Since the book encourages the user to attempt scripting and later programming tasks for themselves, it would be helpful to discuss the concept of layout and paths in more depth, perhaps as a specific chapter. Saving programs in consistent places, using links and bin directories are all useful concepts that can stop a machine from becoming hopelessly disorganized.
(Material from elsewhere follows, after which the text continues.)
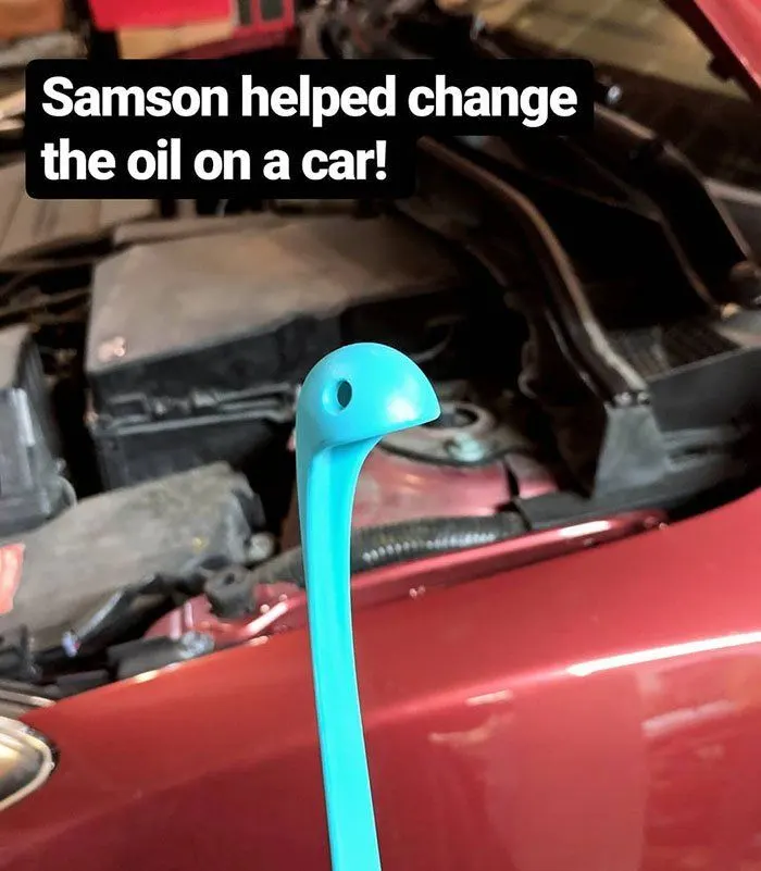 แซมสันเป็นทัพพีที่สู้งานมาก รับมือกับงานหลากหลายได้ อย่างเช่นครั้งนี้ที่เขามาช่วยเปลี่ยนน้ำมัน

An extension of the chapter, covering installation of third-party code, would also have been useful, even though a detailed discussion of make and debugging is outside the remit of this book. This topic is seldom seen in books and would empower the reader to attempt to install some of the many excellent Open Source programs available.
Inbuilt Unix and shell commands can handle a range of data processing tasks but many bioinformatics textbooks do not include them, and yet few people first venturing into computational biology from the bench would turn to a pure Unix textbook for ideas. This book makes a strong attempt to cover an often neglected area, although with only partial success. There is a clear need for a book of this type, to bridge the knowledge gap in a palatable manner. The existing book 'Developing Bioinformatics Computing Skills' (Gibas & Jambeck; O'Reilly & Associates Inc., 2001) occupies a somewhat similar niche, although it places a higher emphasis on bioinformatics analyses.
This will be a useful introductory book for researchers who are not afraid to do some exploration on their own and who want to learn the basics of moving data around efficiently before moving into programming. An enthusiastic reader will, however, soon wish to refer to other textbooks to fill some of the gaps. This book should prove to be a helpful adjunct to the many textbooks dedicated to perl, Unix and bioinformatics tools.